§ **Assigned task**:
Everything from the first line of the material to the line containing "Sonderstempel: Pommerby 100", inclusive, must be given again exactly; no pictures, and nothing past that line.
####
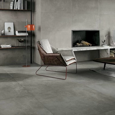 The power of concrete lies in the fact that it is a neutral, exceptionally versatile furnishing material, and in its ability to embody the whole material identity of the ceramic product, transforming it into a container able to bring out the very best in all types of finishes and furnishing elements. Mirage Glocal has fully exploited this characteristic feature of spattled cement, coming up with a light, delicate collection with clean-cut, yet profound textures reminiscent of the material in its most typically original guise, enhanced by a careful selection of subtle details.
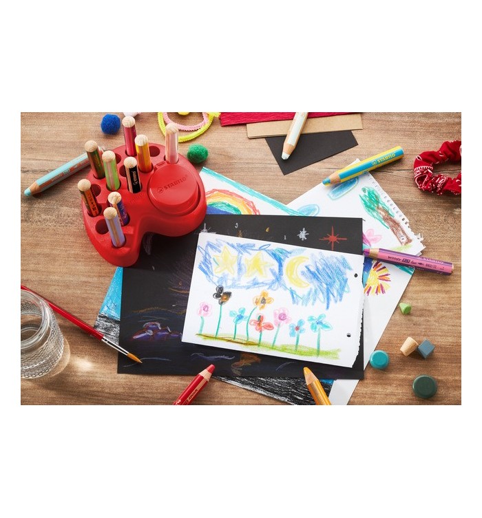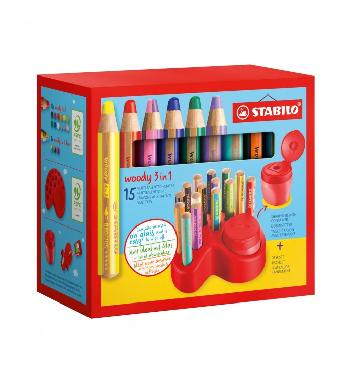 - Contient 15 crayons multi-talents et multi-surfaces STABILO woody 3 in 1
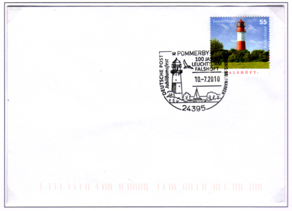 Sonderstempel: Pommerby 100 Jahre Leuchtturm "FALSHÖFT" am 10.07.2010
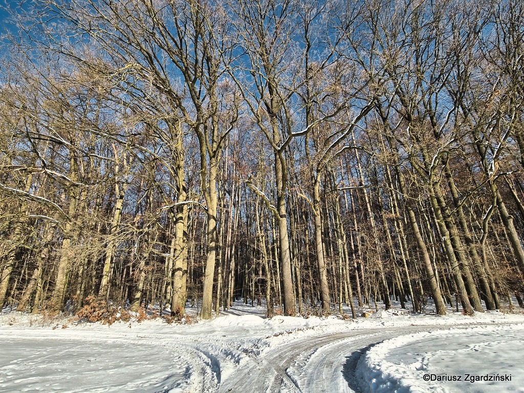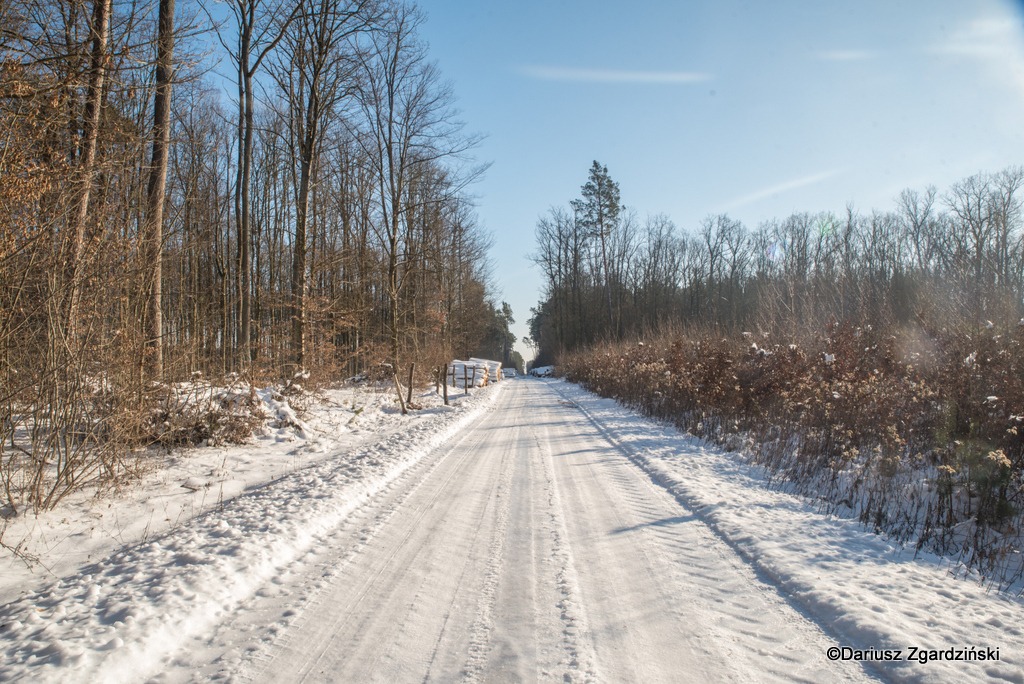 Trakt prowadził do samego Gościeradowa, był odśnieżony, biegł idealnie prosto i nie było widać jego końca. Postanowiłem pójść około kilometra tym oblodzonym szlakiem. Lód pękał pod nogami z dźwiękiem tłuczonego szkła. Nad drogą ukazały się nagle srebrnoszare skrzydła jastrzębia. Gwizdnąłem na niego, żeby zawrócił i zapozował do zdjęcia ale odleciał ponad dachem boru znikając po kilku sekundach. Skręciłem w lewo, w stronę Księżomierzy, wchodząc ponownie na pokrytą śniegiem przesiekę. Byłem w gospodarczej części lasu, gdzie fragmenty starodrzewu przeplatały się z młodnikami.
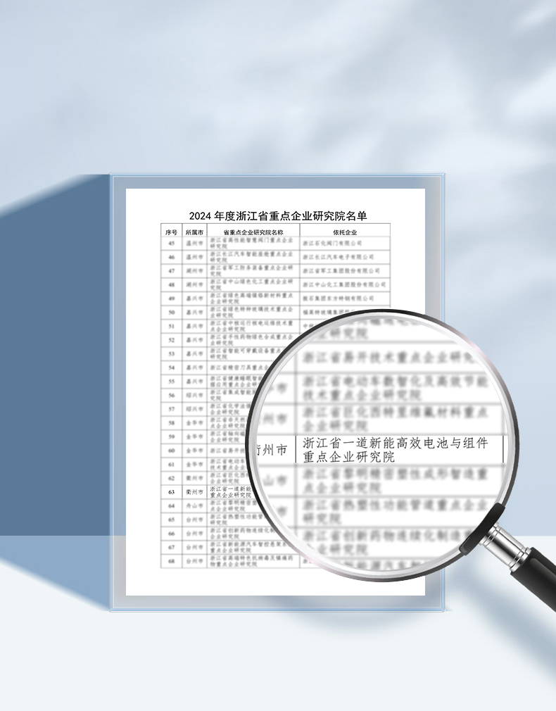 近日,浙江省经济和信息化厅发布公告,公示了2024年度认定的省级重点企业研究院名单,一道新能建设的“浙江省一道新能高效电池与组件重点企业研究院”顺利通过审核、评审以及公示等环节,被认定为2024年浙江省重点企业研究院。这是继2023年被成功认定浙江省企业研究院、浙江省工程研究中心、浙江省企业技术中心之后,一道新能在企业科研平台建设上获得的又一突破。
####
§ **Written solution**:
 The power of concrete lies in the fact that it is a neutral, exceptionally versatile furnishing material, and in its ability to embody the whole material identity of the ceramic product, transforming it into a container able to bring out the very best in all types of finishes and furnishing elements. Mirage Glocal has fully exploited this characteristic feature of spattled cement, coming up with a light, delicate collection with clean-cut, yet profound textures reminiscent of the material in its most typically original guise, enhanced by a careful selection of subtle details.
 - Contient 15 crayons multi-talents et multi-surfaces STABILO woody 3 in 1
 Sonderstempel: Pommerby 100 Jahre Leuchtturm "FALSHÖFT" am 10.07.2010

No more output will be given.